O atraso da colheita de soja reduziu as exportações brasileiras neste início de ano, mas não deve prejudicar a expectativa recorde da safra de 2020/2021, diz o analista de mercado AgRural, Adriano Gomes.

Os dados parciais de fevereiro apontam que o Brasil tem embarcado, em média, 55 mil toneladas de soja por dia, enquanto essa média era de 268 mil toneladas diárias em fevereiro de 2020, diz Gomes.

Já em janeiro deste ano, o Brasil exportou, no total, 49,5 mil toneladas de soja, contra 1,397 milhão de toneladas no mesmo mês de 2020, queda de 96%, mostram dados da Secretaria de Comércio Exterior (Secex). “Ou seja, nós exportamos praticamente nada”, diz o analista.
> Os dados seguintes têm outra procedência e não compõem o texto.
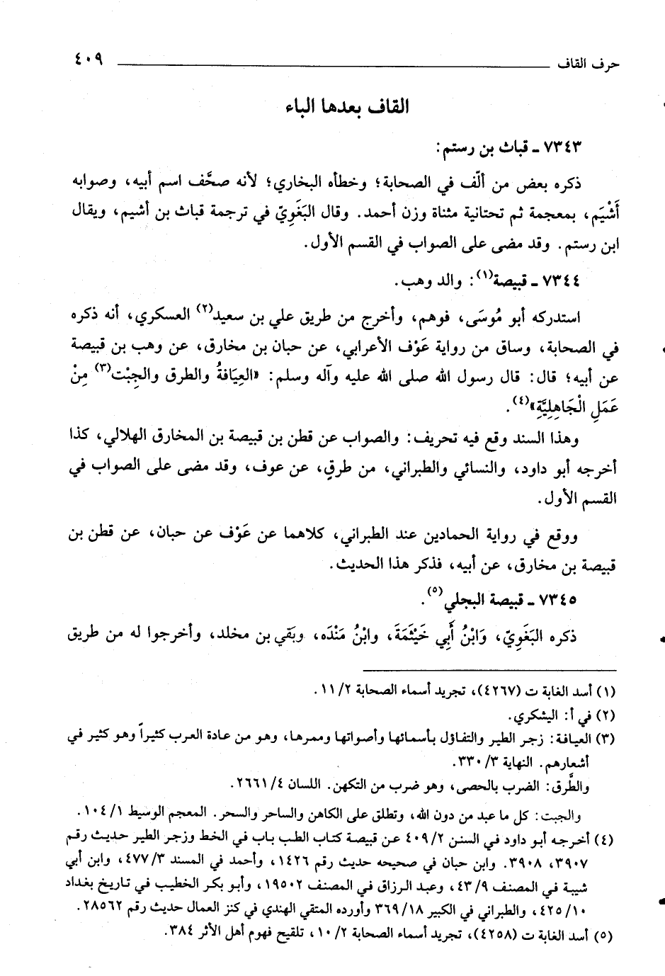 وساق من رواية عوف الأعرابي، عن حبان بن مخارق، عن وهب بن قبيصة عن أبيه، قال: قال رسول اللَّه صلّى اللَّه عليه وآله وسلم: «العيافة والطرق والجبت «٣» من عمل الجاهليّة» «٤» .

Com a demora da colheita, a China, que é a principal compradora do Brasil, tem importado o grão dos Estados Unidos (EUA), o que não implica, porém, em perda de mercado para o Brasil.

Se as condições climáticas se normalizarem, a tendência é de que ocorra uma concentração de colheita de diversos estados em um mesmo período – entre final de fevereiro e início de março – o que pode aumentar a demanda por transportes, gerando problemas de logística.

Seca no plantio e chuva na colheita

O atraso da colheita de soja foi provocado pela demora do plantio em função da seca em setembro e início de outubro em Mato Grosso e no Paraná, principais estados produtores e que “dão a largada” na semeadura do grão.

O volume colhido no país todo deve chegar a 133 milhões de toneladas nesta temporada, segundo projeção da Companhia Nacional de Abastecimento (Conab).

Enquanto a estiagem atrapalha o plantio, as chuvas prejudicam a colheita, já que há dificuldade para avançar com as máquinas nas lavouras.

Para os próximos dias, não há previsão grandes chuvas no Paraná, diferentemente de Mato Grosso e Matopiba (Maranhão, Tocantins, Piauí e Bahia), onde o volume de precipitações está elevado.